Prove that $\ln(x)$ is not uniformly continuous on $(0, \infty)$

Question

Prove that $\ln(x)$ is not uniformly continuous on $(0, \infty)$

I have written a proof of this but I am not sure whether or not it's formally correct.

Assume that this function is uniformly continuous. Let's put $\epsilon = 1$. Now, choose $x$ and $y$ so, that $|x-y| < \delta$. Now, set $x= \delta$ and $y = \frac{\delta}{1000}$. Now, by definition of uniform continuity: $$|\ln(x) - \ln(y)| < 1 \iff |\ln(\frac{x}{y})| < 1 \iff \ln(1000) < 1$$ Contradiction.
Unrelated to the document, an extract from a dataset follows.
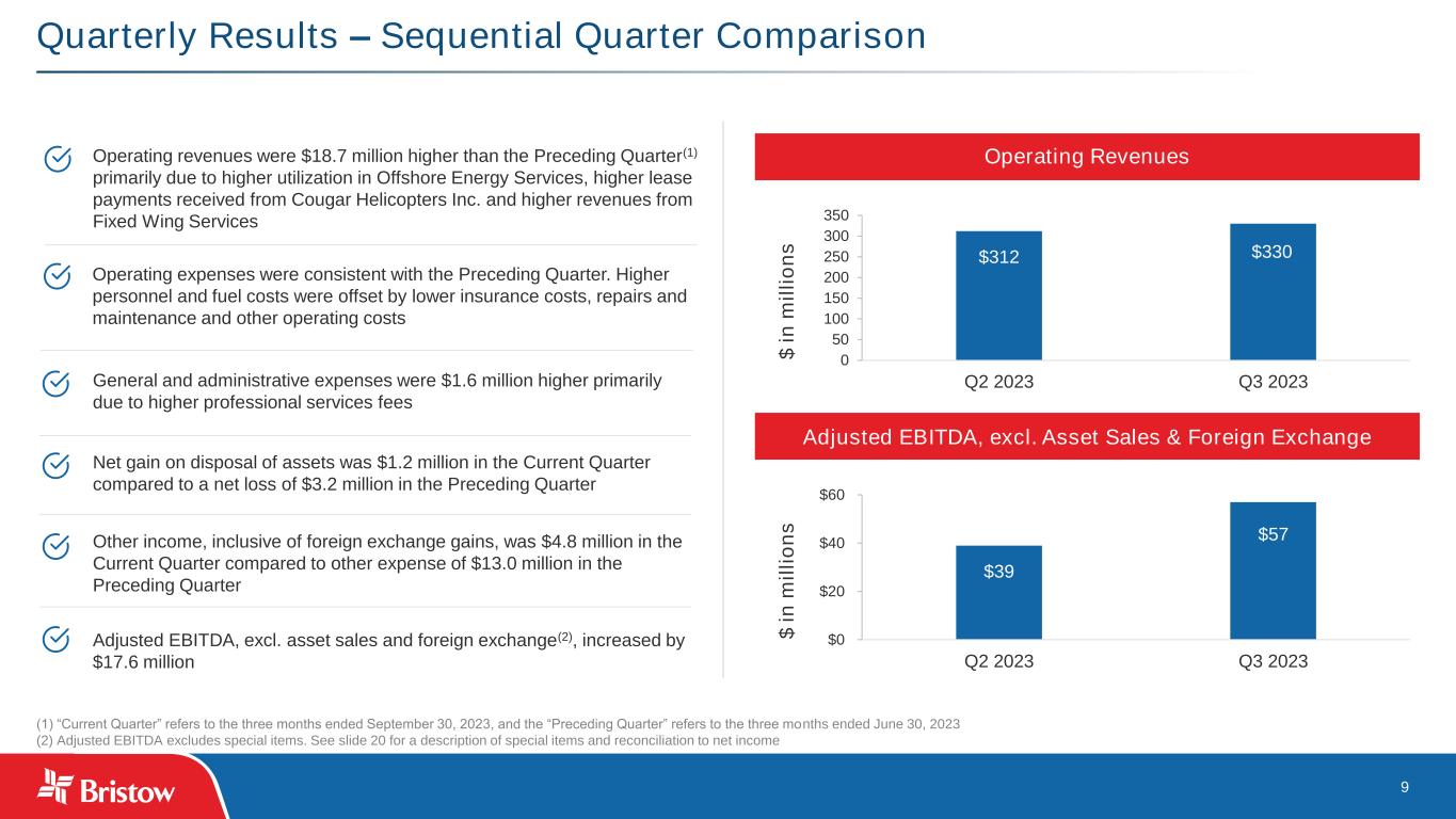 9 Quarterly Results – Sequential Quarter Comparison Operating revenues were $18.7 million higher than the Preceding Quarter(1) primarily due to higher utilization in Offshore Energy Services, higher lease payments received from Cougar Helicopters Inc. and higher revenues from Fixed Wing Services Operating expenses were consistent with the Preceding Quarter. Higher personnel and fuel costs were offset by lower insurance costs, repairs and maintenance and other operating costs General and administrative expenses were $1.6 million higher primarily due to higher professional services fees Net gain on disposal of assets was $1.2 million in the Current Quarter compared to a net loss of $3.2 million in the Preceding Quarter Other income, inclusive of foreign exchange gains, was $4.8 million in the Current Quarter compared to other expense of $13.0 million in the Preceding Quarter (1) “Current Quarter” refers to the three months ended September 30, 2023, and the “Preceding Quarter” refers to the three months ended June 30, 2023 (2) Adjusted EBITDA excludes special items. See slide 20 for a description of special items and reconciliation to net income $312 $330 0 50 100 150 200 250 300 350 Q2 2023 Q3 2023 $ i n m il li o n s Operating Revenues Adjusted EBITDA, excl. Asset Sales & Foreign Exchange $39 $57 $0 $20 $40 $60 Q2 2023 Q3 2023 $ i n m il li o n s Adjusted EBITDA, excl. asset sales and foreign exchange(2), increased by $17.6 million

Could you tell me whether the method I used is correct?

Answer 1

You're not quite there yet, be a bit more precise:

Suppose $f(x) = \ln(x)$ is uniformly continuous. Then, taking $\varepsilon=1$ there must be some $\delta > 0$ such that

$$\forall x,y \in (0,\infty): |x-y| < \delta \rightarrow |f(x) - f(y)| = |\ln(\frac{x}{y})| < 1$$

Then define $x = \delta>0$ and $y = \frac{\delta}{100}>0$ and note that this obeys $|x-y| = \delta\frac{99}{100} < \delta$ while $\frac{x}{y} = \frac{\delta}{\frac{\delta}{100}} = 100$ and $\ln(100)> 1$ contradiction, so no such $\delta$ can exist.

Answer 2

With $x_n=\frac {2}{n} $ and $y_n=\frac {1}{n} $, we have

$$\lim_{n\to+\infty}(x_n-y_n)=0$$ but $$\lim_{n\to+\infty}(\ln (x_n)-\ln (y_n))=\ln (2)\ne 0$$ thus $x\mapsto \ln (x) $ is not uniformly continuous at $(0,+\infty) $.

Answer 3

Your proof is correct but could be improved. What about the following changes? Assume that this function is uniformly continuous. Let's put $ϵ=1$. For a given $ \delta >0$, set $x=δ$ and $y=δ/1000$. Now $|\ln(x)−\ln(y)|=|\ln(x/y)|=\ln(1000)>1$.

Answer 4

Another attempt;

Let $\epsilon=1$ be given.

Assume there is a $\delta >0$ such that

$ |x-y| \lt \delta$, with $ x,y \in (0,\infty)$, implies

$|f(x)-f(y) |\lt 1$.

Choose $x_n = e^{-n}$, $n\in \mathbb{N}$.

$ \lim_{n \rightarrow \infty}x_n=0$.

Hence $x_n$ is a Cauchy sequence:

For $\delta $ there is a $m_0$, such that for $n,m \gt n_0$

$|x_n-x_m| \lt \delta.$

Choose $m=m_0$, and consider:

$|\log x_n - \log x_{m_0}| = $

$|-n +m_0| \lt 1.$

Choose n large enough to get a contradiction.